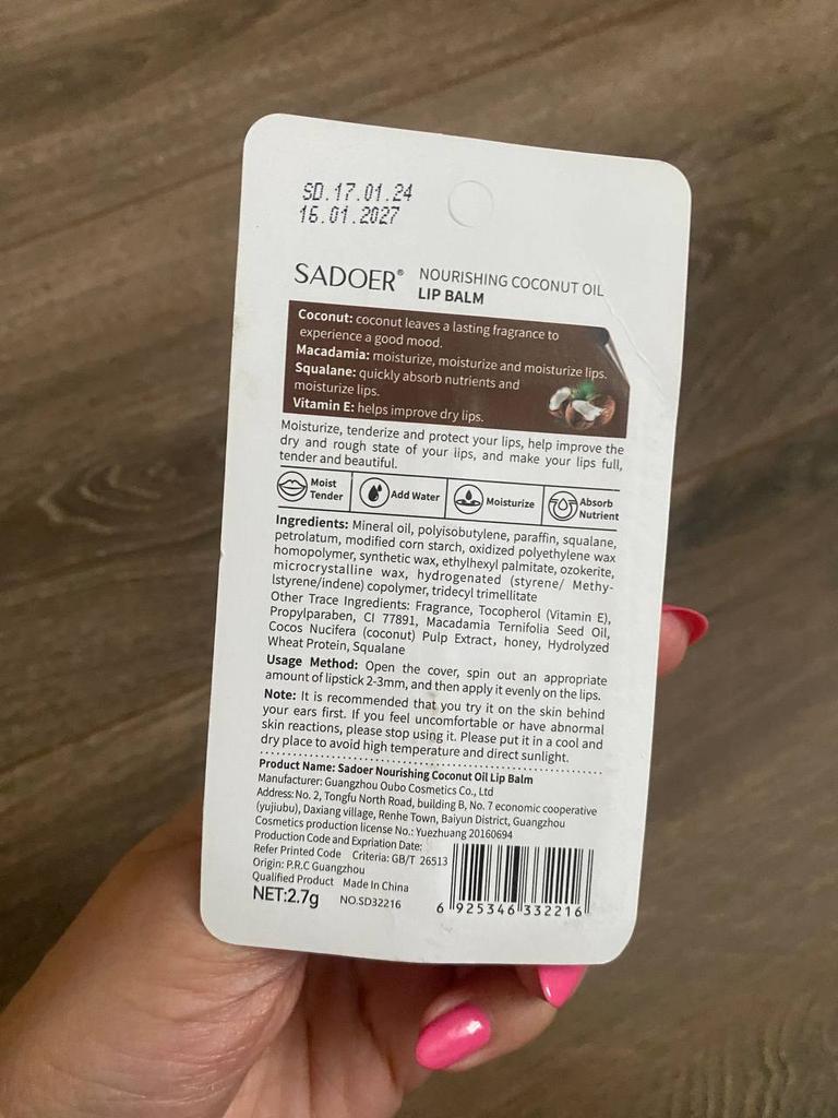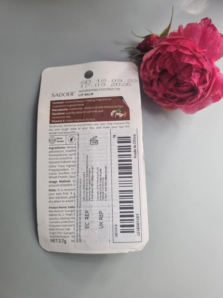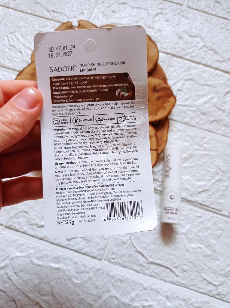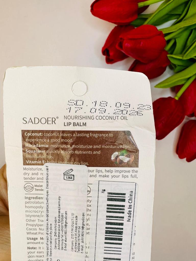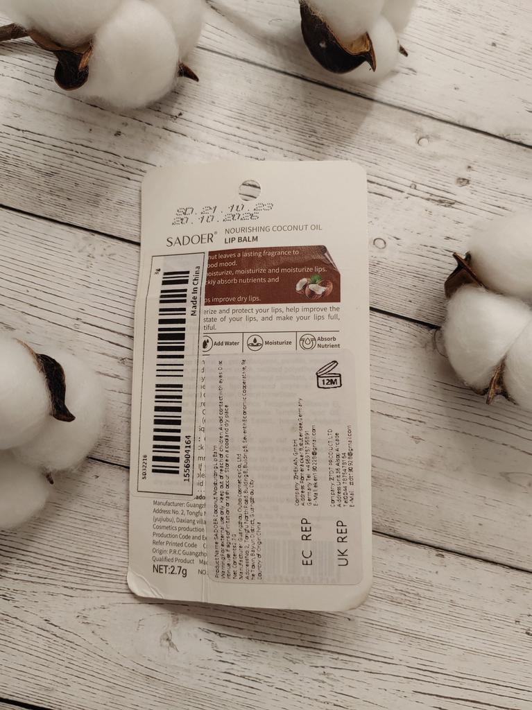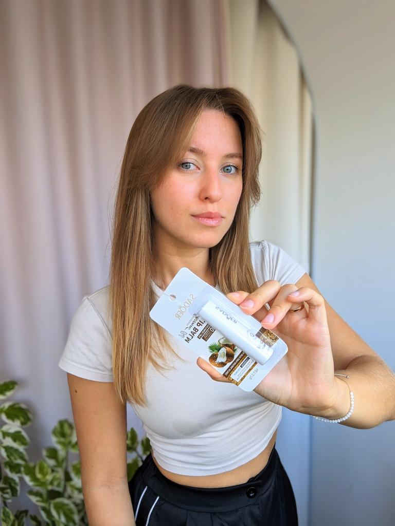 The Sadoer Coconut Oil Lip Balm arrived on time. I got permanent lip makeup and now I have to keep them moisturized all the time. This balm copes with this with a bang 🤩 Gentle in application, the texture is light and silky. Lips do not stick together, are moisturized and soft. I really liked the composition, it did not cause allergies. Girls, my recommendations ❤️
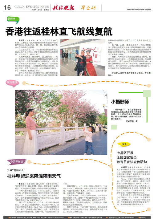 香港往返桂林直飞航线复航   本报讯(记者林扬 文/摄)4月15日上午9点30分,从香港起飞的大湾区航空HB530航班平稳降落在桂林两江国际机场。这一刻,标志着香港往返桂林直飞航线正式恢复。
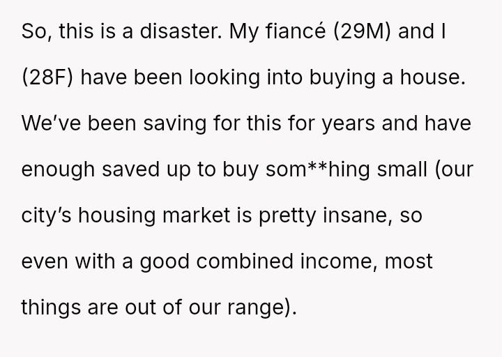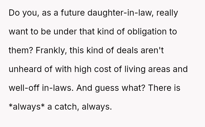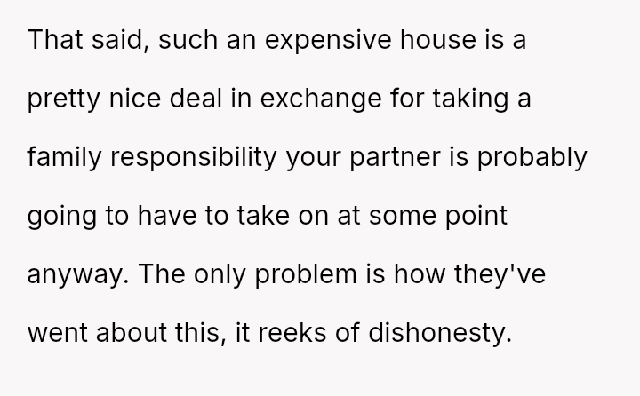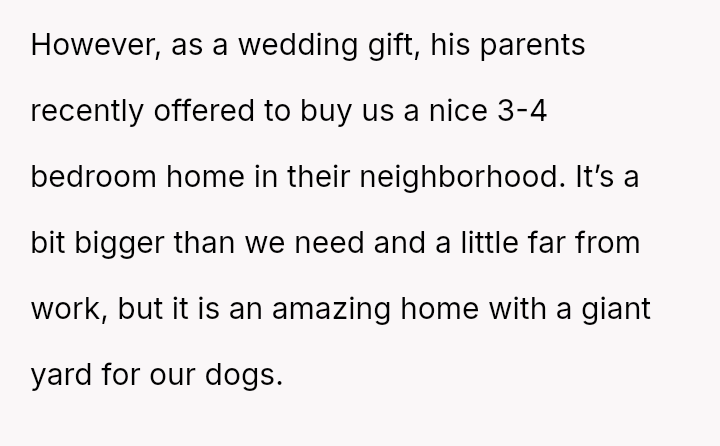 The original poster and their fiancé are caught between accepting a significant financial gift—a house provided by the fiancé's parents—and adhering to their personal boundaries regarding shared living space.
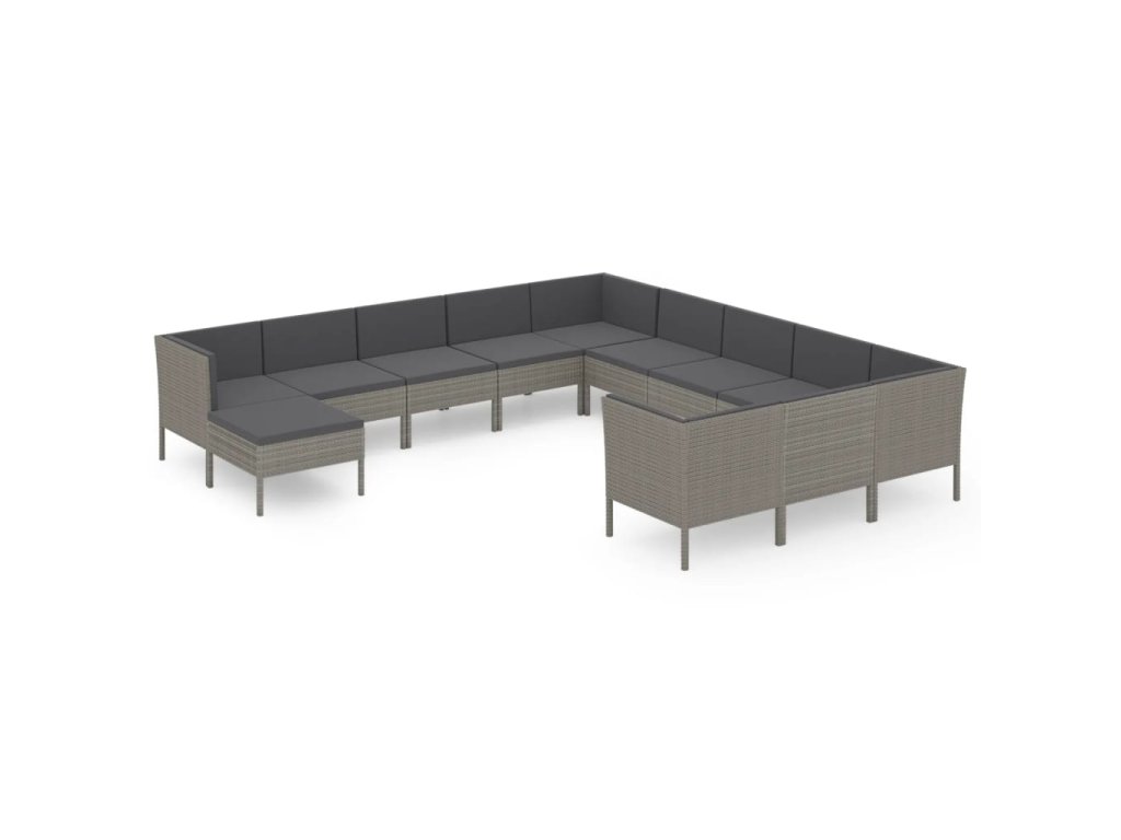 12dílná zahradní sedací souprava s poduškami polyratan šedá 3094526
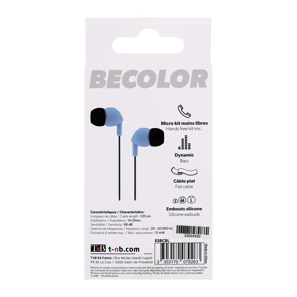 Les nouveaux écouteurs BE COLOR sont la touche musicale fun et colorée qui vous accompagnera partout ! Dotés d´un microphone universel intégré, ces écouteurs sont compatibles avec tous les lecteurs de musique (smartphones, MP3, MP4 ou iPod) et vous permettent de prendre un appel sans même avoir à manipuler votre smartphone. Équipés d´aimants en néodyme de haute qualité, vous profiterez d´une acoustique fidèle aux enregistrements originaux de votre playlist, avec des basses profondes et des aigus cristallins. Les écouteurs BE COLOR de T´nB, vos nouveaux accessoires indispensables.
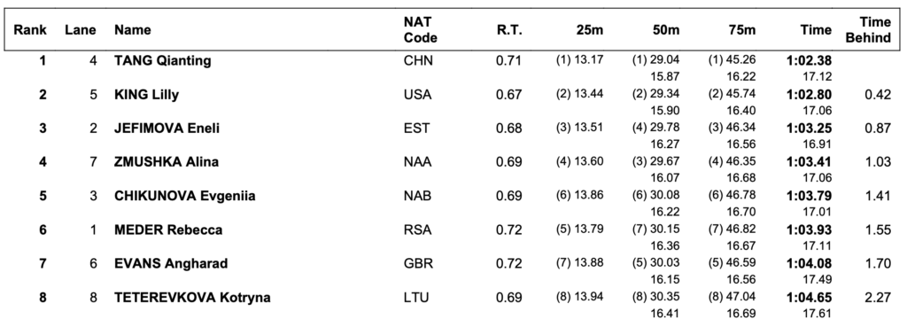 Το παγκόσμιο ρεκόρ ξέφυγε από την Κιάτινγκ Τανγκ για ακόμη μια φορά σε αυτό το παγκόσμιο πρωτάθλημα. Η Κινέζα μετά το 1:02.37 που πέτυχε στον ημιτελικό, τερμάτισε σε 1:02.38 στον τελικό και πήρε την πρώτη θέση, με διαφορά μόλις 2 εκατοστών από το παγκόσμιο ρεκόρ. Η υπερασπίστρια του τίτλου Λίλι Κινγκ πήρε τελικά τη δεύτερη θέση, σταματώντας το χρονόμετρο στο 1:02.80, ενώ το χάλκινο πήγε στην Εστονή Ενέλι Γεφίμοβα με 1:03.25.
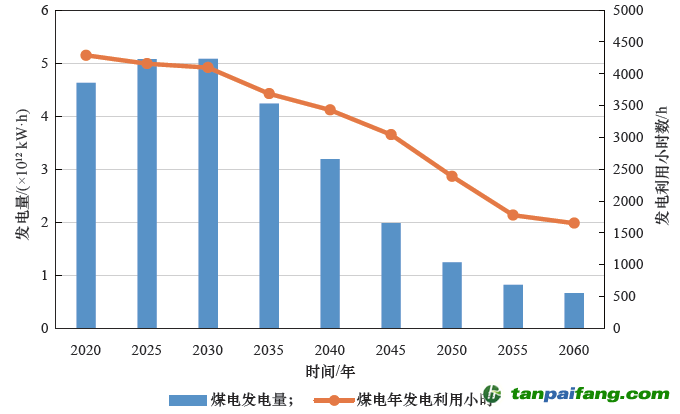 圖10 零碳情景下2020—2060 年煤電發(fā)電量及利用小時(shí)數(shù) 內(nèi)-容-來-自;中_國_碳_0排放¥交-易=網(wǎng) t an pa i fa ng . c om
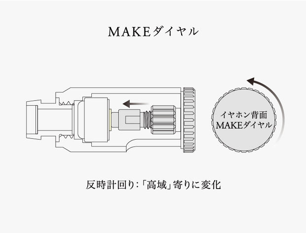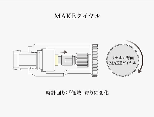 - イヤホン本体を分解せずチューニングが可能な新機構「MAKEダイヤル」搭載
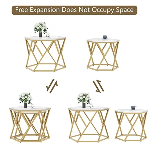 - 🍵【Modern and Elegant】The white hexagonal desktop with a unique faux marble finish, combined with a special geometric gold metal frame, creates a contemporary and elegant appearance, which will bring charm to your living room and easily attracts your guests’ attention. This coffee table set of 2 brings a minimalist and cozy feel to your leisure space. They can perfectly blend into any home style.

--*--

**What to do**
Print the entries above exactly, taking out only the pictures.

**Expected answer**
 The Sadoer Coconut Oil Lip Balm arrived on time. I got permanent lip makeup and now I have to keep them moisturized all the time. This balm copes with this with a bang 🤩 Gentle in application, the texture is light and silky. Lips do not stick together, are moisturized and soft. I really liked the composition, it did not cause allergies. Girls, my recommendations ❤️
 香港往返桂林直飞航线复航   本报讯(记者林扬 文/摄)4月15日上午9点30分,从香港起飞的大湾区航空HB530航班平稳降落在桂林两江国际机场。这一刻,标志着香港往返桂林直飞航线正式恢复。
 The original poster and their fiancé are caught between accepting a significant financial gift—a house provided by the fiancé's parents—and adhering to their personal boundaries regarding shared living space.
 12dílná zahradní sedací souprava s poduškami polyratan šedá 3094526
 Les nouveaux écouteurs BE COLOR sont la touche musicale fun et colorée qui vous accompagnera partout ! Dotés d´un microphone universel intégré, ces écouteurs sont compatibles avec tous les lecteurs de musique (smartphones, MP3, MP4 ou iPod) et vous permettent de prendre un appel sans même avoir à manipuler votre smartphone. Équipés d´aimants en néodyme de haute qualité, vous profiterez d´une acoustique fidèle aux enregistrements originaux de votre playlist, avec des basses profondes et des aigus cristallins. Les écouteurs BE COLOR de T´nB, vos nouveaux accessoires indispensables.
 Το παγκόσμιο ρεκόρ ξέφυγε από την Κιάτινγκ Τανγκ για ακόμη μια φορά σε αυτό το παγκόσμιο πρωτάθλημα. Η Κινέζα μετά το 1:02.37 που πέτυχε στον ημιτελικό, τερμάτισε σε 1:02.38 στον τελικό και πήρε την πρώτη θέση, με διαφορά μόλις 2 εκατοστών από το παγκόσμιο ρεκόρ. Η υπερασπίστρια του τίτλου Λίλι Κινγκ πήρε τελικά τη δεύτερη θέση, σταματώντας το χρονόμετρο στο 1:02.80, ενώ το χάλκινο πήγε στην Εστονή Ενέλι Γεφίμοβα με 1:03.25.
 圖10 零碳情景下2020—2060 年煤電發(fā)電量及利用小時(shí)數(shù) 內(nèi)-容-來-自;中_國_碳_0排放¥交-易=網(wǎng) t an pa i fa ng . c om
 - イヤホン本体を分解せずチューニングが可能な新機構「MAKEダイヤル」搭載
 - 🍵【Modern and Elegant】The white hexagonal desktop with a unique faux marble finish, combined with a special geometric gold metal frame, creates a contemporary and elegant appearance, which will bring charm to your living room and easily attracts your guests’ attention. This coffee table set of 2 brings a minimalist and cozy feel to your leisure space. They can perfectly blend into any home style.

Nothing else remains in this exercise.